Video Transcript
A string has a force constant of
53.0 newtons per meter. An object, initially at rest, with
a mass of 0.960 kilograms is suspended from it. The object descends, stretching the
spring, oscillates, and then comes to rest. How much is the spring stretched
when the object has come to rest after oscillating? Calculate the decrease in the
gravitational potential energy of the object between its position at the point at
which it is attached to the unextended spring and its position at the point at which
it comes to rest after oscillating. Calculate the energy stored in the
spring by its extension.
In this three-part exercise, we
first wanna solve for the displacement of the spring after the mass has been hung on
it and comes to rest. Next, we want to solve for the
change in gravitational potential energy of the mass between the two points from
which it is hung on the unextended spring and the point at which it comes to
rest. And finally, we wanna calculate the
energy stored in the spring by its extension. We’ll call this PE sub 𝑠.

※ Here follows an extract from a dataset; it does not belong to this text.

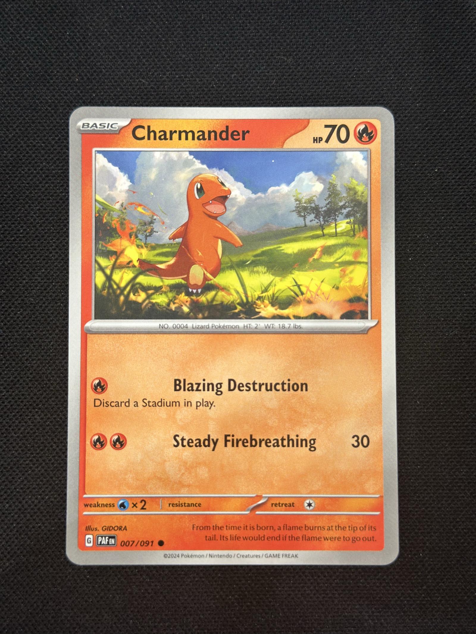 This is a Charmander Pokémon card from the 2024 PAF set, numbered 007/091. It features the attacks 'Blazing Destruction' and 'Steady Firebreathing' with 70 HP. The card shows a colorful illustration of Charmander in a sunny field. A great addition for Pokémon collectors and fans.
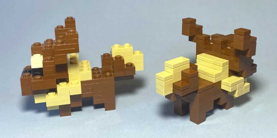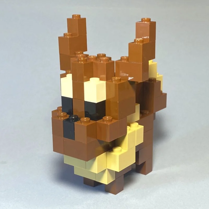 With the recent release of the official Lego Pokemon sets, including a large Eevee, I decided to re-create the Nanoblock Mininano version using Lego bricks.

In this scenario, we start off with
a vertically oriented spring at its natural, or equilibrium, length. The spring, we’re told, has spring
constant 𝑘 of 53.0 newtons per meter. Then, we take a mass, we’ve called
it 𝑚, of value 0.960 kilograms and attach it to the free end of the spring. In response to this, the spring
stretches, oscillates, and then comes to rest at a displacement we’ve called Δ𝑥
from its original position.
To solve for Δ𝑥, let’s start by
considering the forces that are acting on the mass 𝑚. When the mass has come to rest
after oscillating on the end of the spring, we know that the gravitational force
acting on the mass is equal in magnitude to the spring force on the mass. So, we can write 𝑚 times 𝑔 is
equal to the spring constant 𝑘 times Δ𝑥. Rearranging this expression, we see
that Δ𝑥 is equal to 𝑚 times 𝑔 over 𝑘, where 𝑔 we’ll treat as exactly 9.8 meters
per second squared.
Plugging in for these three values,
when we calculate Δ𝑥, we find that, to three significant figures, it’s 17.8
centimeters. That’s the amount the spring is
stretched because of the mass 𝑚. Now, let’s move on to solving for
the change in gravitational potential energy of the mass 𝑚 over this
displacement.
Recalling that, in general,
gravitational potential energy is equal to an object’s mass times the acceleration
due to gravity times its height relative to some reference level. Since we’re calculating the change
in gravitational potential energy of the mass, we can write that it’s equal to 𝑚
times 𝑔 times Δ𝑥. No negative sign needed.
When we plug in for these three
values, being careful to write our displacement Δ𝑥 in units of meters, we find that
ΔPE sub 𝑔 is 1.67 joules. That’s the change in the mass’
gravitational potential energy. Finally, we want to solve for the
potential energy stored up in the spring as result of this extension.
We recall that in general that
potential energy is equal to half a spring‘s constant multiplied by its displacement
from equilibrium squared. So, we can write that PE sub 𝑠 is
equal to one-half 𝑘 times Δ𝑥 squared, where 𝑘 the spring constant is known and
Δ𝑥 we solved for earlier. Substituting in for these values
using a distance in meters for our displacement Δ𝑥, we find that PE sub 𝑠 is 0.835
joules. That’s how much potential energy
the spring has gained by virtue of being extended.
We may wonder why the spring
potential energy is not equal to the change in gravitational potential energy. Recall that, before coming to rest,
our mass 𝑚 oscillated up and down on the spring. During that up-and-down motion, it
lost energy through friction with the air as well as through the spring. That helps account for the
difference between these two values.